Olsen: She is in her body and is associated with the nature that needs to be in every element of her person, from the clothes she wears until she loves the way she preserves her hair – there is just a brutality and natural that came with how she moves across space. Only when you are around the evaluation, she begins to sit differently or tries to be as polite as possible, because she comes from this life where her mother was this free thinking, and a strong courageous woman who has her conflicting feelings. Usually, with the construction of characters, I would like to start with a voice, whether it is an audio shift or a tone, and it is not logical to it. So it became much more than that than just being in her body in a way that I felt I was not in a movie, in fact.
In terms of greenhouse, how was it in that material space, by contacting plants? How did that also formed your personality?
Olsen: What was incredible was that everything was real. Everything – the irrigation system that it built was real. The plants were real. There was nothing one that was a fake plant there. It was really strong. It was built in Tenerife, at the site in this volcanic rock, seeing these sensitive flowers, plants, and foodstuffs are able to survive while there is a fire in Tennervi and these crazy winds that were very repressive, and the fact that we were able to grow there, I really felt our group.
Elizabeth, how did she use Mia’s experience with her mother to explain things about the condition of the personality and the way she lives her life?

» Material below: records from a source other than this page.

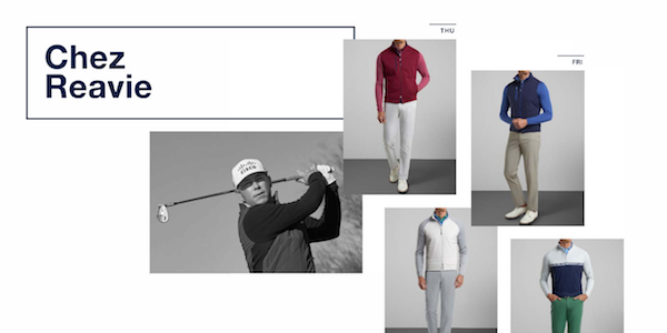- Chez Reavie – Reavie will wear our most popular pant, the eb66 Performance Five-Pocket pant on Thursday and Sunday. Highly acclaimed, our best-selling performance pants have the sophisticated appearance of a weekend-ready five-pocket pant, featuring lightweight stretch and a natural feel. They’re designed with an easy-care, quick-drying fabric that wicks away moisture and provides a sharp presentation on or off the course. This season, our design team utilized an updated yarn and applied a matte finish for an even cleaner aesthetic. In addition to the essential colors in your closet, Field Green is one of the new seasonal colors launching in this pant for fall.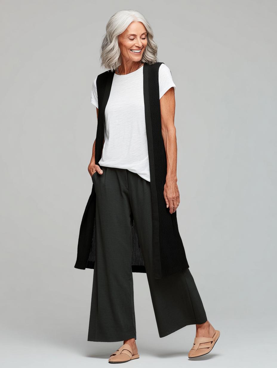 This sophisticated ensemble proves that the secret to elevated casual dressing lies in thoughtful layering and proportions. The crisp white tee serves as the perfect foundation, while the long textured vest adds architectural interest and the wide-leg trousers create a graceful silhouette. The monochromatic forest green palette feels fresh and modern, while the relaxed fit ensures all-day comfort. This formula works beautifully for everything from coffee dates to casual Fridays, showing how three simple pieces can create maximum style impact.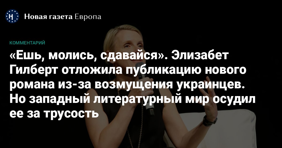 Некоторые более тонкие комментаторы замечают, что Гилберт, вообще-то, никогда не претендовала на роль «солдата культуры». И «Ешь, молись, люби», вообще-то, — книга из жанра селф-хелп, а вовсе не глубинное и важное исследование человеческой натуры. А тот ее бестселлер тоже много критиковали за экзотизацию чужих стран, за взгляд «страдающей белой богатой женщины». Потому «сочувствующая» и «эмпатичная» Гилберт, отзывающая публикацию, — с одной стороны, точное попадание в ее же имидж, с другой — выдающийся маркетинговый жест: книга-то всё равно выйдет, а событием она уже стала.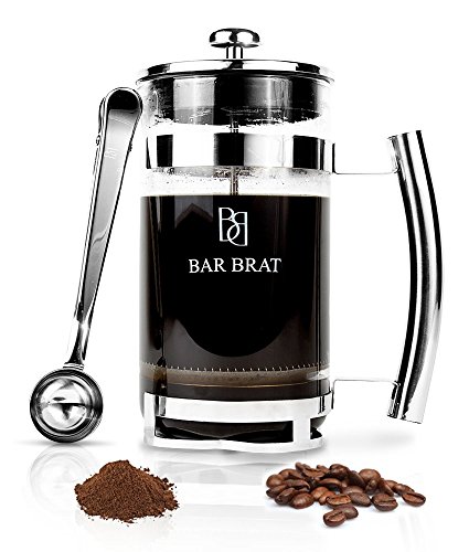 -. Feature : FILLS 4 - 8 CUPS OF DELICIOUS COFFEE - Each French Press can make 8 cups of coffee or 4 mugs of coffee. Know that with confidence, your coffee with taste delicious as you press your way to the perfect brew of coffee. / BEAUTIFULLY ELEGANT GIFT PACKAGING MAKE THIS THE PERFECT HOLIDAY GIFT - View our images... Our packaging is elegant and makes this french press coffee maker set the perfect holiday gift and christmas gift for anyone. / STAINLESS STEEL DOUBLE BOROSILICATE HEAT RESISTANT GLASS - Elegantly designed and made of double borosilicate glass, you can feel confident the glass is very durable and won't break when hot water is poured inside the french press. / MULTIPLE USES AS A COFFEE & TEA PRESS - The french press can even be used for tea in addition to coffee. Simply place the tea similarly as you could the coffee, allow it to steep for 2 - 3 minutes, press down and you'll have a perfect cup of tea as well. / 100% LIFETIME MONEY BACK GUARANTEE - If you are not satisfied with the french press coffee maker, we will refund you your money, no questions asked. We have that much confidence in the beauty, design, and functionality of the Bar Brat French Press Coffee Maker.

Olsen: I think there is a feeling of giving up when you are a child, and someone chooses to leave. I certainly faced this experience with my grandmother, from which I was not close. But when I spent a holiday with her, I sat next to her for Christmas, and I didn’t spend much time with her. We just started chatting, and never stopped talking. She just sat on this schedule and asked her questions about her childhood. Her childhood was completely impossible, then she was one parent, raising four children immediately after the Second World War, and worked her back on the factory work, and when she had an opportunity as a great woman to have another husband and traveled in the world, she did. I was actually affected, for the first time in my life, I learned her story, and every feeling I had where I thought, “Oh, my grandmother has never gone” as a little girl because she lived her life, and found that this courage and strong.
This is what I feel about Mia with her mother. She feels giving up at the beginning because her mother chose her beliefs about raising her children. And I think you have a lot of anger and resentment, and there is a point in your life, whether it is through an experience, an age or any life that happens to you, that you are tolerant and that you are actually able to admire the options of someone like this, to do the brave thing and live life and do not feel that they should do something only because society tells you. We have one life and how do we choose to live it? So I feel that it was a kind of Mia’s decision, which she eventually made in the movie.
This interview has been edited and intensified.